On 7/1/06, Martijn van Oosterhout <kleptog@xxxxxxxxx> wrote:
On Fri, Jun 30, 2006 at 07:29:12PM +0200, Tomi NA wrote: > If I sound harsh, please excuse me, but I feel like I'm the only one > who thinks these encoding problems (collation, upper/lowercase, > multiple languages in a single database) are serious...nobody seems to > share the sentiment. Ah well... I agree with you, however the resistance (AFAICS) comes mostly from the fact that we would be depending on an external library to do it. I don't think postgres should try doing it itself, given that the unicode character databases are quite large by themselves. Alternativly, the postgres group could produce a customised version of ICU that's smaller (the website has details about how). But any case, this problem will need to be addressed at some point.

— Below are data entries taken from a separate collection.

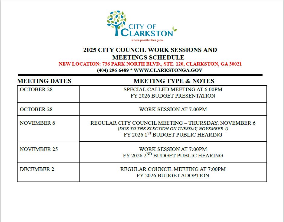 Click here to download a copy of the City of Clarkston 2025 City Council Work Session and City Council Meetings Schedule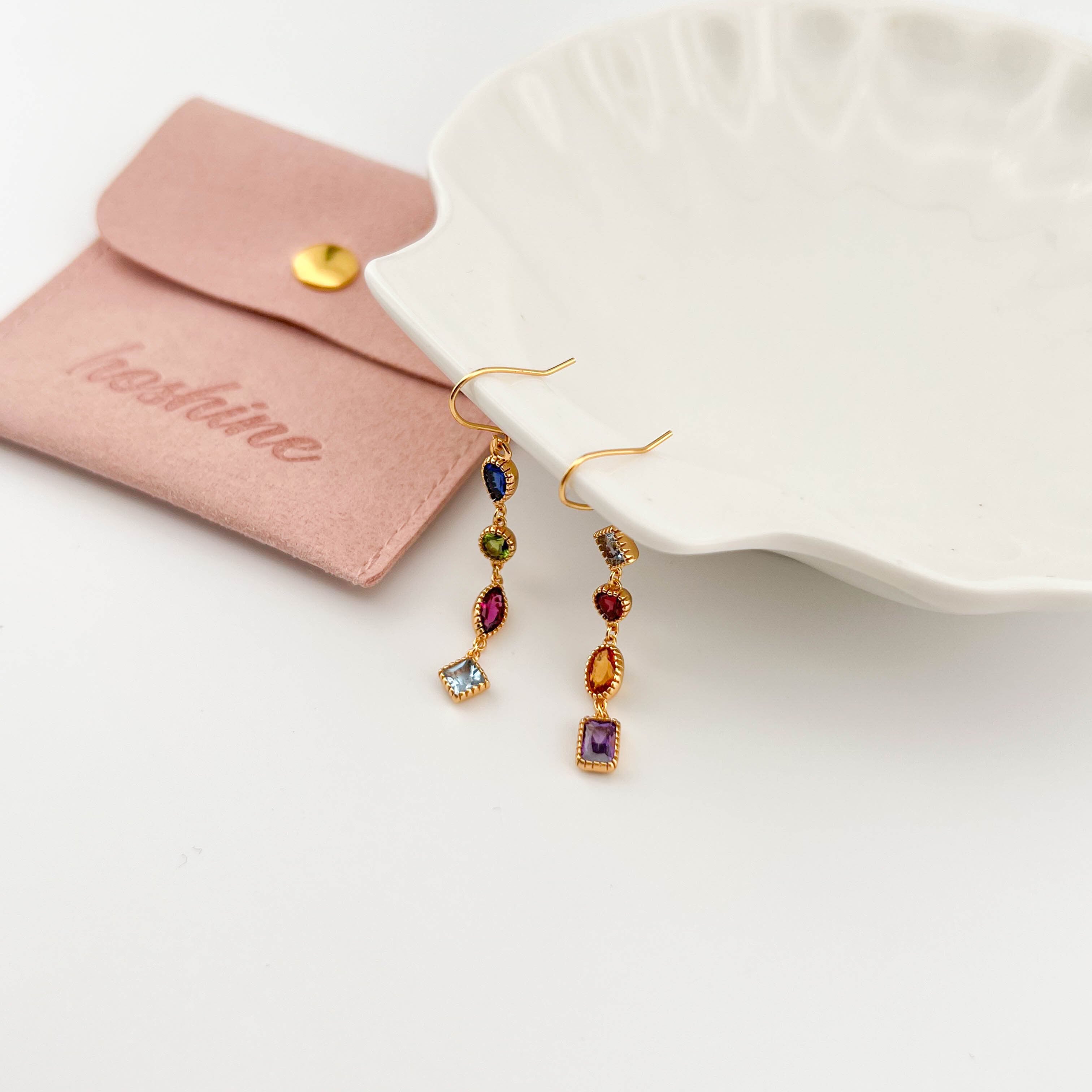 カラフルストーンが揺れるたびにきらめき、顔まわりを華やかに彩るロングピアス。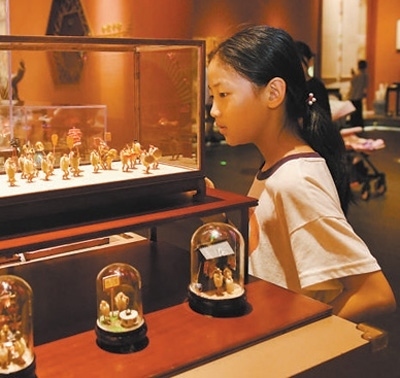 游客在中國大運河非物質文化遺產(chǎn)展示館內參觀。圖為新華社記者牟宇攝

Basically, it comes down to three possibilities, doesn't it: 1.) use an existing library 2.) write a pgsql specific implementation 3.) forget about it and tend to other issues Personally, I don't really care if it's 1) or 2): I'm just afraid it's going to be 3). Is this a licencing issue (with regard to ICU beeing under the IBM public licence)? A plugin architecture (to get rid of licencing headaches) issue? Are there any other libraries that might do the job? To be perfectly honest, I've had to tackle so many problems with encodings during the years I'd make it punishable by law to use anything *but* UTF...but I'm not president of the Galaxy yet, Zaphod is. (-: t.n.a.